Bus operator in Sydney, Australia

McVicar's Bus Services was an Australian bus operator that operated services in the south-west suburbs of Sydney from 1919 until 1978.

==Company history==
McVicar's Bus Service was founded in 1929 when Archibald Robert Brownlow McVicar began a bus service from Lidcombe railway station to Berala. McVicar extended the service to Regents Park and gained permission to run from Lidcombe to the Lidcombe State Hospital on Sunday afternoons: there was considerable business for bus operators running to hospitals and cemeteries on Sundays. In 1923 McVicar's weekly service to the hospital was increased to a daily frequency. In 1925, McVicar was given permission to operate a bus service between Cabramatta and Bankstown. In 1926, McVicar was granted approval to continue using solid tyres instead of pneumatic tyres.

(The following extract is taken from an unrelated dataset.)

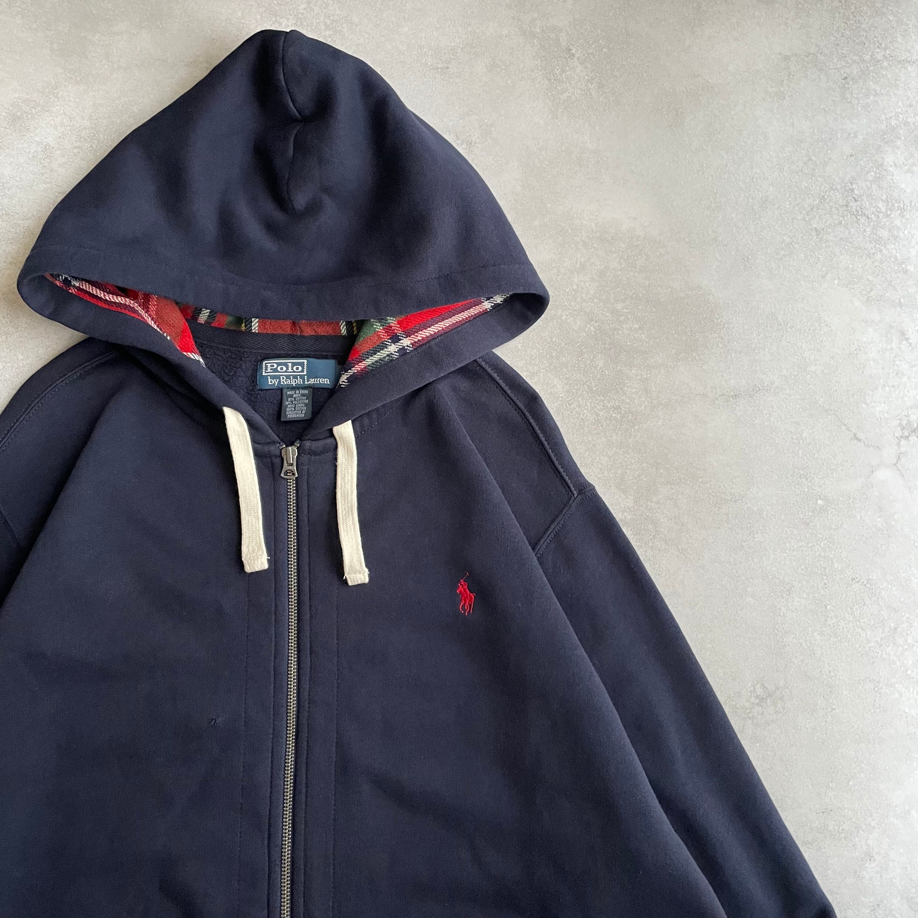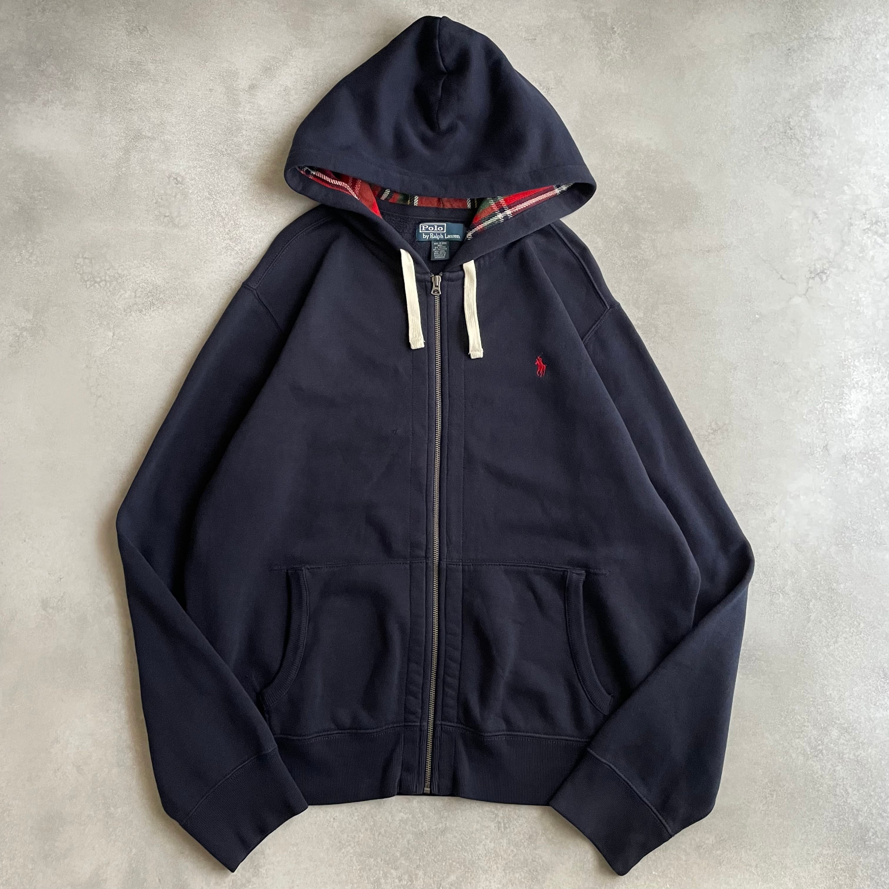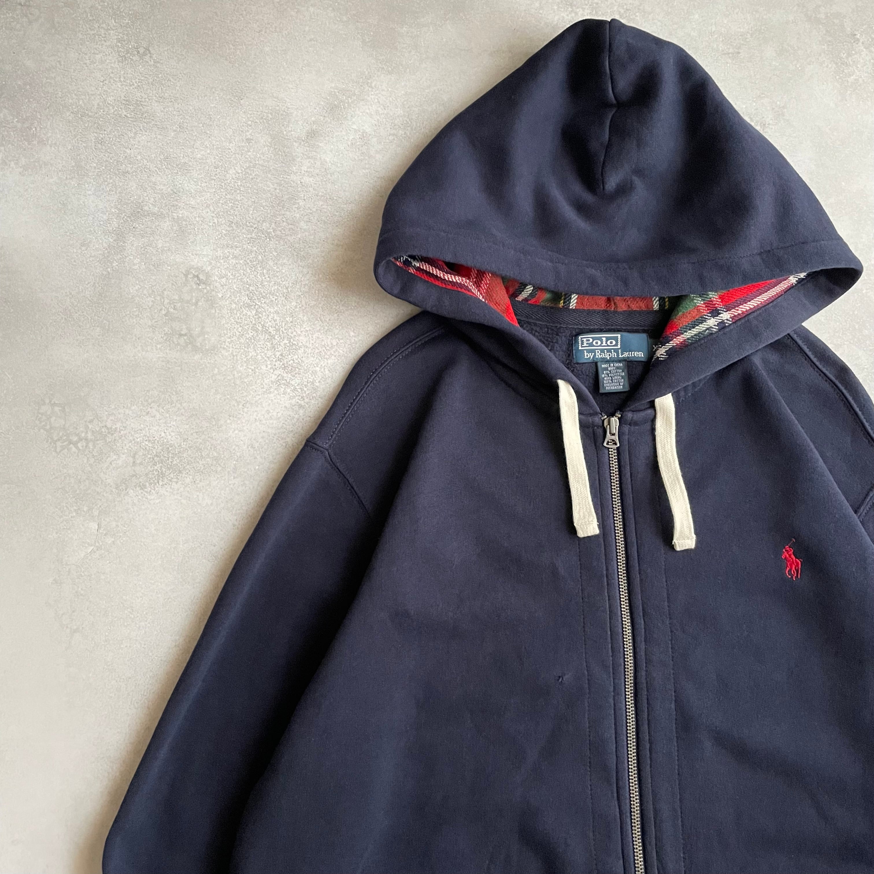 胸元にポニー刺繍のつくシンプルな作りで、フード裏のチェック地が可愛らしい1着

By 1927 McVicar was operating from Bankstown to the Milperra Soldiers' Settlement as well as Picnic Point, East Hills and Panania. In 1930 McVicar's began running between Bankstown and Burwood. A depot was developed on the corner of James and Joseph Streets, Lidcombe, and in 1935 Arch was joined by his son, Arch McVicar Junior, as an apprentice mechanic and in that year the first diesel engine bus was acquired for the firm.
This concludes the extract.